Chinese institutions so far appear to be adhering to Western sanctions. Two China-backed infrastructure banks, the Asian Infrastructure Investment Bank and the New Development Bank, have halted lending to Russia.
Ties That Last
Factional wars within the CCP over how it deals with Russia are as old as Soviet Union’s relationship with the Party itself, which goes back a century. The Soviets helped create the CCP in 1921 and supported the Party for decades.
According to Kondapalli, any matters concerning Russia have tended to spark acute disagreements within the CCP.
“Much of it had to do with the love-hate relationship between the Soviet and Chinese Communist parties, their ideological agreements and differences,” said Kondapalli, adding that in the early days the Soviets had wanted to keep CCP under their thumb.
“The CCP took the Soviets’ help but resented their bid to control it.”
After the CCP seized power over the country, it adopted the Soviet model of development and used Moscow’s help in its campaign modernize its industries during the 1950s.
But the cooperation with the USSR didn’t last as communist powers famously had a falling out not long after. In the following decades, many CCP officials would be targeted for removal on the basis of real or imagined ties to Moscow.
“The CCP also threw out Defence Minister Peng Dehuai in 1959 for being close to Moscow. Senior politburo member Liu Shaoqi was accused of being a ‘Chinese Khrushchev’ and paraded on the streets [in the late 1960s]. In 1989, Zhao Ziyang, the party General Secretary, was accused of being the ‘Chinese Gorbachev’ for siding with students in the Tiananmen Square protests,” said Kondapalli.
However, after becoming the Party’s paramount leader in 2012, Xi Jinping made his first foreign visit to Moscow, during which the Kremlin gave him a peek into its most secretive military command and control center, he said.
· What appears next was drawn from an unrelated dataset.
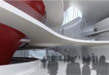 It will allow congress and concert participants to see the city from the multi-functional foyer and be very well seen at the same time. Foyer will be visible together with the “fifth elevation” of the building from the Wawel terrace. The view will cover the building together with the nearby building of The Manggha Museum with which architectural form corresponds well.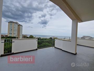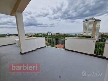 Affittiamo a Milano Marittima attico completamente ristrutturato in posizione centrale posto al 7° piano con ascensore e portiere, composto da soggiorno con angolo cottura, ampio terrazzo panoramico vista mare (che verrà interamente rifatto per la bella stagione), due camere matrimoniali, una camera con letto a castello e due bagni con box doccia. Completano l'offerta tv, aria condizionata, lavastoviglie, lavatrice ed un posto auto. Disponibile agosto 2026

China’s ties with Russia today are “semi-alliance” in nature, according to Kondapalli, finding its foundation in various agreements signed over the past few decades, including the 2001 Sino-Russian Treaty of Friendship. Most recently, Xi and Putin met in Beijing on the opening day of the Winter Olympics, during which the two announced a “no limits” partnership.
But as Putin’s invasion triggers a widening global backlash, the CCP and its political factions find themselves wrestling with how to manage the fallout.
Russia is now crippled by the international financial and trade sanctions, and China’s economy will be deeply impacted if Xi ties itself too closely with Putin, according to Lehberger.
“Jiang and a few others do not want China to be tied too closely to Putin. Because Putin could now sink China together with him,” he said.